TABLE 2. Discovered genes, their normal functions, location, polymorphism and allele that play role in arterial hypertension (HTN) in various populations.
3.3 Gene expression regulation was one of the most studied MeSH keywords in studies in which the role of genetic factors in AH has studied
Table 3 summarizes the epigenetic mechanisms that play a role in the development or worsening of arterial hypertension. It includes the gene name, the affecting mechanism(s) on the gene, and the result of the affecting mechanism(s) on the gene, along with the corresponding reference. The table shows that hyper methylation of the CBS promoter gene increases the risk of hypertension and stroke. Hyper-methylation of BMPR2 increases the risk of pulmonary arterial hypertension (PAH), while acetylation of H3K27 also increases the risk of PAH. Additionally, hypo methylation of SOCS3 promoter increases the risk of PAH. Other epigenetic factors and their functions in AH are displayed in Table 3.
TABLE 3. The epigenetic mechanisms that plays role in creating or deterioration of arterial hypertension (HTN) and pulmonary arterial hypertension (PAH).
3.4 MicroRNAs was one of the most studied MeSH keywords in studies in which the role of genetic factors in AH has studied
Table 4 contains different types of microRNAs that involve in AH and also their mechanism in mentioned disease. Table 4 presents various microRNAs that have been studied in the context of arterial hypertension (AH) from 2018 to 2023. These microRNAs have different roles in AH and their mechanisms are also mentioned in the table. miR-140-5p suppresses the proliferation, migration, and phenotypic variation of PASMCs. miR-204 suppresses Tgfbr2 while miR-206 downregulates Kv1.5. miR-328-3p suppresses cell viability, migration, and the levels of VEGF, FGF-2 and HIF-1α in hypoxia-induced PASMCs. Other microRNAs have either amelioration or amplification roles in AH with different mechanisms of action.

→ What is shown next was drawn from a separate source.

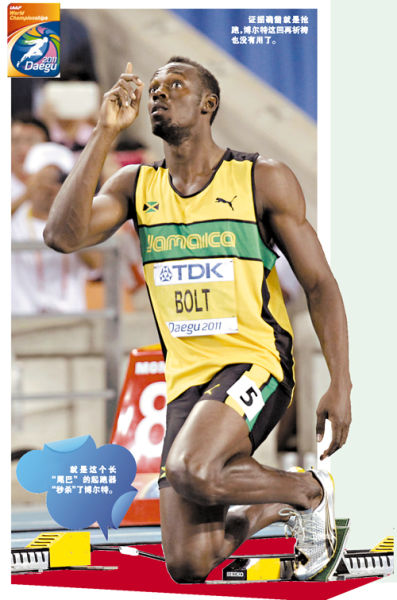 本報韓國大邱8月29日電(特派記者許蓓)在大邱田徑世錦賽男子100米決賽中,因搶跑而被取消參賽資格的牙買加飛人博爾特今日通過大賽組委會發(fā)表了一份官方聲明,他表示自己還將全力參加男子200米和男子4×100米接力的比賽。

ND refers to “not determined”. The references for the studies are also mentioned in the table.
TABLE 4. Various microRNAs that they are involved in the process of arterial hypertension (AH) from 2018 to 2023.
3.5 MicroRNAs with the most binding affinity to genes that involve in AH
After obtaining the structure of collectedd microRNAs from mirBASE (Kozomara and Griffiths-Jones, 2014) and also achieving the structure of target genes from the National Center for Biotechnology Information (NCBI) (Sayers et al., 2021), docking analysis of microRNAs and target genes was conducted by using RNAhybrid (Rehmsmeier et al., 2004).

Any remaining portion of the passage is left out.